With more people using fast pass I wonder if more fast passes are available later in the day.


----------



## Suellen

disney david said:


> They have maybe not for you since try had a stamp but if it for mobility or stamina they supposed suggest a wheelchair.
> 
> You can always go and explain why and see what they will do or wait to it expires.
> 
> I got the Mickey monitor  and it said in 2014 aps will get magic bands and fast pass plus.
> 
> Once you stay at a resort you be able to make fast pass plus with out a resort stay for ap.
> 
> For now you just need that one stay and your good or wait to aps get it on 2014.  But I guess having to book a stay won't be something you want to do as you live in Florida.
> 
> 
> With more people using fast pass I wonder if more fast passes are available later in the day.



We stayed in October and still aren't able to make FP+  ~ maybe new since then?  I do have Magic Bands but they told us they couldn't link our AP to them.  

We stay often so we can use the resort pools and such.


----------



## delmar411

Suellen said:


> We stayed in October and still aren't able to make FP+  ~ maybe new since then?  I do have Magic Bands but they told us they couldn't link our AP to them.
> 
> We stay often so we can use the resort pools and such.

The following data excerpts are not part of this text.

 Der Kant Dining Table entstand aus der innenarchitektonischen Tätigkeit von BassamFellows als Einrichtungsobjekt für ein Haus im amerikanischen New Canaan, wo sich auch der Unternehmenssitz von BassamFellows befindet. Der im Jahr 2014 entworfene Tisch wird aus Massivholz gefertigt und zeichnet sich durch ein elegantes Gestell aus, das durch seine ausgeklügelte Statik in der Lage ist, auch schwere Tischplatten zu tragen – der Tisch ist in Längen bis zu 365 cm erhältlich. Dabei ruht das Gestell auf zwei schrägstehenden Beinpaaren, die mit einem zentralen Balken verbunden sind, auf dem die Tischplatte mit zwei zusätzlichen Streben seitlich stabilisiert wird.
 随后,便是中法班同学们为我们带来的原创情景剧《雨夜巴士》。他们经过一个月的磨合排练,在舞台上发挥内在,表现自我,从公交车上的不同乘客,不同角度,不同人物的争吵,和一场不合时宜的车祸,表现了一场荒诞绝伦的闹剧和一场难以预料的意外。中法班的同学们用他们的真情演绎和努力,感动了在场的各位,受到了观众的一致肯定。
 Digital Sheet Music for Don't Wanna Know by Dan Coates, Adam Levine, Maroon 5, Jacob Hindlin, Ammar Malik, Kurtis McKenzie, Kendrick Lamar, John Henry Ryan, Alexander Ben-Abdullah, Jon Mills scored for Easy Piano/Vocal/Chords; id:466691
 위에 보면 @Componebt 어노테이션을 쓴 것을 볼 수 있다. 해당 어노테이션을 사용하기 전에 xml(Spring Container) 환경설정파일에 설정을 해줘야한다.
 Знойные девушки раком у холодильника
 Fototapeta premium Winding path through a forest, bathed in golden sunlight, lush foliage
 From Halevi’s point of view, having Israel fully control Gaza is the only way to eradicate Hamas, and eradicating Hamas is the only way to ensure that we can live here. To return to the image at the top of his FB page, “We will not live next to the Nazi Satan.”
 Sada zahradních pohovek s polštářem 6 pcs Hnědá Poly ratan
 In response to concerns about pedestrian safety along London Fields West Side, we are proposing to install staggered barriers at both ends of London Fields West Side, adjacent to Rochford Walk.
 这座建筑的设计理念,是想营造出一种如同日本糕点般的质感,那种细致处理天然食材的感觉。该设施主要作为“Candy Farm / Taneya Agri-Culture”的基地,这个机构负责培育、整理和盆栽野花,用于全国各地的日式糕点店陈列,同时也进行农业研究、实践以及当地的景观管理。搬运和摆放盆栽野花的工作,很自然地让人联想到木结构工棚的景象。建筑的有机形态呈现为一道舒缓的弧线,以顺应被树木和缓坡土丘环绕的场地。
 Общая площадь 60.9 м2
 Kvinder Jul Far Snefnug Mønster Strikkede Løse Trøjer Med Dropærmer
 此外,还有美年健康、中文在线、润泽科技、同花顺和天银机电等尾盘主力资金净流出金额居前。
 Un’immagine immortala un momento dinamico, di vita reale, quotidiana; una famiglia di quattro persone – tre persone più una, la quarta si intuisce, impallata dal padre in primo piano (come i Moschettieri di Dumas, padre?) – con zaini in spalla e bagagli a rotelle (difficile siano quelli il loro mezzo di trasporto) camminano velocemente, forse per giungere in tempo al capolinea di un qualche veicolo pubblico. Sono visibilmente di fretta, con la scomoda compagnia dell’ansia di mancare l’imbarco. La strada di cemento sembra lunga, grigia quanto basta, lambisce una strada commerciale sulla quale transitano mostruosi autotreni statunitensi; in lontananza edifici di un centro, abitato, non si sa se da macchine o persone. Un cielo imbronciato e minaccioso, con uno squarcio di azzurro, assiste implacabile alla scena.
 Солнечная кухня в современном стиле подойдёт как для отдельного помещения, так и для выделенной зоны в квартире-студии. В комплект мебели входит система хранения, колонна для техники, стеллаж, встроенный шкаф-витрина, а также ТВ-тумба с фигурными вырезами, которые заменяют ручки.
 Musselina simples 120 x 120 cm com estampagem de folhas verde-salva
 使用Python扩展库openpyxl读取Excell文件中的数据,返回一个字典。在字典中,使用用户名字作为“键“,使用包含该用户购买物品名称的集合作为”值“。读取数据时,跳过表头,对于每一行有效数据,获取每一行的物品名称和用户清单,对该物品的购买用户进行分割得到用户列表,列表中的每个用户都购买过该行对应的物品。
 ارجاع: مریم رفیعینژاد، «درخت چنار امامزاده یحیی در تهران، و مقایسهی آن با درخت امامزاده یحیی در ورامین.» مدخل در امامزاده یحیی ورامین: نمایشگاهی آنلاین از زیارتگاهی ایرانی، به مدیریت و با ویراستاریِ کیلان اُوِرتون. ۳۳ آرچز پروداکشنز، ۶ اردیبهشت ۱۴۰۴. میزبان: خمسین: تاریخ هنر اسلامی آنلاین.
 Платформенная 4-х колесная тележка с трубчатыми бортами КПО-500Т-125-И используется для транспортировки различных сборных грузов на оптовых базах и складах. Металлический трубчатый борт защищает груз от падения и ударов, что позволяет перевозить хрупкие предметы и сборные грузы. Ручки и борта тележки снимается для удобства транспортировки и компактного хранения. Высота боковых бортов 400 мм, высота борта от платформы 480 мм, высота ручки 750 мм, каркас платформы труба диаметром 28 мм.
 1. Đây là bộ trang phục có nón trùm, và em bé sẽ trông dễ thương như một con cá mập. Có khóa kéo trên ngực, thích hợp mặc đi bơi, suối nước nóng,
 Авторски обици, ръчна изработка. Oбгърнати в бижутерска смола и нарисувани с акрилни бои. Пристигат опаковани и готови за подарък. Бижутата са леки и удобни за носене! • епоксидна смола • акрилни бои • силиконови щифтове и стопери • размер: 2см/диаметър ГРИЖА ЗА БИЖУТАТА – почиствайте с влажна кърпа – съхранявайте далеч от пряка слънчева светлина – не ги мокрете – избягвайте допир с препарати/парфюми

You should have linked your AP yourself.  It is a link in your profile and just a few clicks and it is linked.  I linked mind in July so it has worked since then.  And you would of had continued access since your first magic band stay.


----------



## disney david

Suellen said:


> We stayed in October and still aren't able to make FP+  ~ maybe new since then?  I do have Magic Bands but they told us they couldn't link our AP to them.
> 
> We stay often so we can use the resort pools and such.



My mom is  a ap and she was able  link it to magic  band we didn't try it at the park yet we supposed to go on oct by couldn't. Was satin contemporary  and they was the ones  testing but now all should be. I have the premier pass which I had to Sally I get them to link but said they could do it so I could use it to enter the park just so I could make fat pass plus. Do you have the app from Disney try linking ten from their and if not call and they should be able to help. They have you magic bands but not use of fast pass plus that weird but all resort how should are use with fast pass plus.  If the swan and dolphin can use fat pass plus but have to do it the same day.  I now they have been having problems with them. Also letting aps test them was new I think later in oct so that's could be why but you should be able to know.


----------



## Tripletmom2001

We are here at Disney this week. We started the day at Hollywood Studios. Unfortunately, the Toy Story ride was not working in the morning and into the early afternoon. By the time it was up, the standby line was 120 minutes. We left and went to Epcot for a late lunch, early dinner. I was able to get a test track return time with 110 minute wait. The ride went down just as we were entering, before our DAS was crossed off. Does anyone know if we can go back to Epcot tomorrow and use that DAS return time? We ended up leaving the park at 6:30 after riding only mission space. My son's two favorite rides are Toy Story and Test Track. He really doesn't care much about any of the others. Thanks


----------



## Bete

Suellen said:


> So I've only tried to get a DAS at Epcot once and have been less than interested in even trying (which means we don't do any rides) since then.
> 
> I have conditions that make it difficult to do stairs (especially when there are a lot of people around not being especially mindful) and also standing still on slanted/tilted floors causes a great amount of pain.  When we went to Epcot I was told to rent a wheelchair.
> 
> We are locals and go to the parks a few times a week.... no way can I rent a wheelchair every time we stop in for an evening.
> 
> Have others had better experiences?  Or is this just the canned answer I can expect from now on?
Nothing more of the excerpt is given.